Valley Torah Boys Return to statewide Mock Trial Tournament – now on zoom

In the first week of September, the Constitutional Rights Foundation (CRF) announced the restart of the National Mock Trial Competition. This year the CRF announced that while the organization is not canceling the competition due to COVID-19, they will complete the competition via Zoom. What this meant for David Kerendian (’22) and I (’22), co-captains of the VTHS boys’ team, was countless zoom calls analyzing the case packet, assigning team roles, and preparing team members for their respective roles.
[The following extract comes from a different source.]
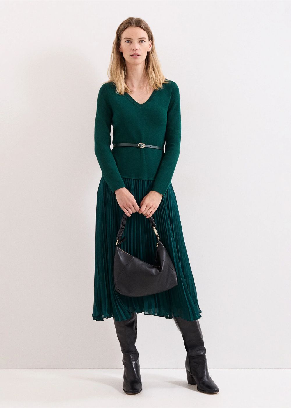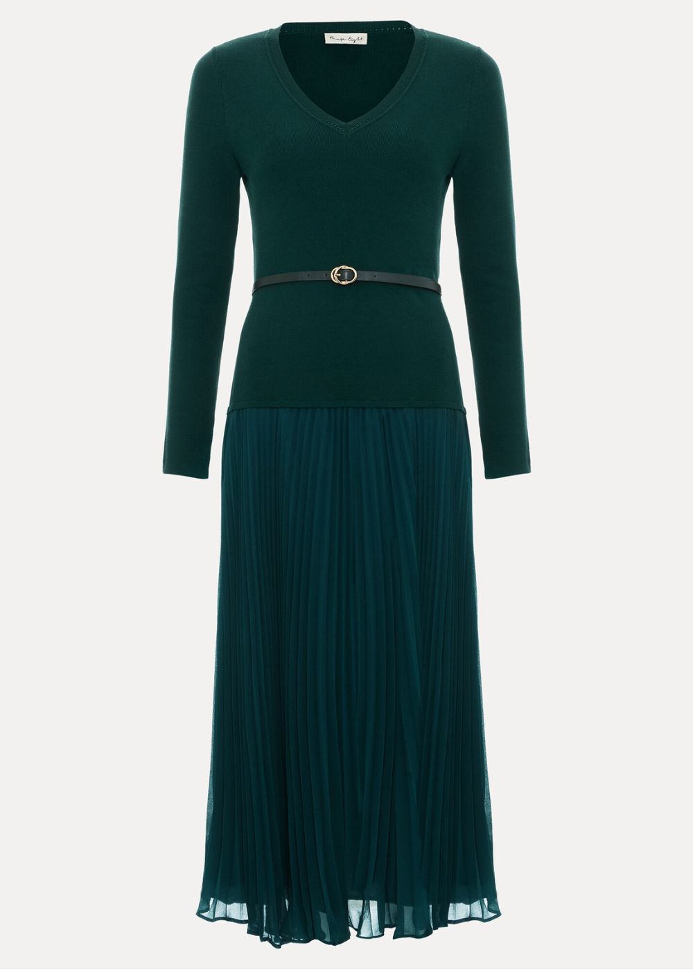 A knitted midi dress with wear-all-day appeal. In a deep forest green that’s perfect for transitioning into autumn, it features a knitted top, flowing to a fully pleated skirt that create beautiful movement. The dropped waist creates an elegant silhouette, finished with a slim belt for subtle refinement. Paired with boots or heels it’s a sophisticated work to weekend choice.

The defendant of this year’s case, celebrity Youtuber Lee Croddy, used his channel “The Right Choice of News” to rant about government conspiracies. According to the facts of the case, the defendant asked a loyal follower of his, Remi Montoya, to “get” government documents (about UFOs) from Government Official Drew Marshak to expose the government. Montoya went to Officer Marshak’s house, and when he saw the Officer was not home, broke in and stole the documents. After all of this, Montoya went back to the defendant and took shelter at the YouTube celebrity’s house for the night. The next day, Montoya was arrested for his burglary, but a few days later, the defendant was arrested on two charges: aiding and abetting the thievery and acting as an accessory to Montoya after the deed. The defense argues that Croddy told his fan to “get” the documents and Montoya took it to the extreme and stole the documents. The prosecution argued differently, saying that Croddy insisted repeatedly to get the documents and with such insistence plus saying “you have to get those documents” implying to take the documents with any force needed, including thievery especially because Croddy said he would take the documents by force if necessary. The concept of groupthink was also assessed.
The exciting part of participating in Mock Trial is that it allows one to test their talents in a variety of ways for different careers: if one is interested in law, one can be a trial attorney; if one is interested in becoming a doctor or psychologist, there is always an expert witness for both the prosecution and defense which involves a lot of knowledge of sociology, accidents, and health. Lastly, if one wants to join theater or go into the arts, acting is always pushed to its limits to reenact these characters.
The way the CRF competition works is that schools all over the state come together (this year via zoom) and compete with each other, one school starting with the prosecution and the other ending with the defense. Then, a week later, each school would join back together and play a different school and argue the other half of the case. For example, in November, we joined on zoom with a high school homeschool group and played the defense, and a week later we played a different school with us playing the prosecution this time. These two teams reenact this trial and a real judge decides the verdict. Scorers then “grade” everyone’s skills and later, every school gets their scores plus the total of the opposing school’s scores.
After rigorous tryouts, David and I made up our minds as to who was accepted onto the team. For the defense, Schneur Friedman, a sophisticated and excellent speaker, would give over the pretrial motion. David Kerendian (‘22) gave over the opening statements for the defense. Eliyahu Kublin (‘21) would play the defendant Lee Croddy. Also, Coby Barnett (‘21) and Ariel Kohanteb (‘24) would play witnesses with Jacob Manela (‘23) playing the expert witness. Lastly,
David would give the closing statements while Ahron Riss (‘23) would play bailiff. All this time, David and I acted as lead attorneys for our and the prosecution’s witnesses.
For the prosecution, Schneur would again give over the pretrial motion. I would give over the opening statements and Eliyahu would play the flip side of defense: key witness Remi Montoya. Also, Ariel Nourollah (‘22) and Gabi Tabarzia (‘24) would play witnesses with Jacob again playing the expert witness, this time for prosecution. Lastly, David would give the closing statements while Aaron would play clerk this time. Throughout all the witnesses, again David and I would act as attorneys.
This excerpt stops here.